De lo que se desprende de los datos, se hace del todo evidente que el gobierno de la parroquia y el desarrollo de un programa que se ha definido reiteradamente como de subordinación y tutela no fue tarea fácil si se mira desde los microcosmos locales donde residía por doquier ‘un mar de indios’ —como grupo mayoritario (pese a las diversidades estadísticas) con formas de vida propias— conocedor antiguo del medio y habituado a desarrollar variadas estrategias de resistencia ante cualquier forma de intervención foránea (Powers, 2000: 121-146; Galgano, 2005).

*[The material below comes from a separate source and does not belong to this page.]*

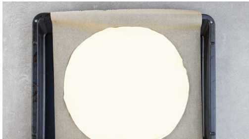
1. Teige ausrollen

Energie 648kcal, Fett 40.4g, Kohlenhydrate 65.0g, Eiweiß 6.9g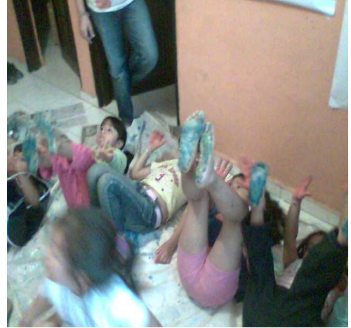
Taller para estudiantes jugando a pintar con los pies y las manos – La Merced Foto: Diana Agredo – 2010

Cuadro 4Blancos/IndiosenlaparroquiadeSanAntoniodeToacazo

(Ecuador) (1743-1857)

Año Blancos % Indios % Total

1778 251 15 1.427 85 1.678

1830 188 13,4 1.213 86,6 1.401

Fuente: 1778: Archivo Nacional del Ecuador, Formularo de Padrones, Jurisdicción de Tacunga, Provincia de Quito y 1830: APT, Bautismos (1800-1837), Libro VI, Registro 3C51-78-83, p. 194r.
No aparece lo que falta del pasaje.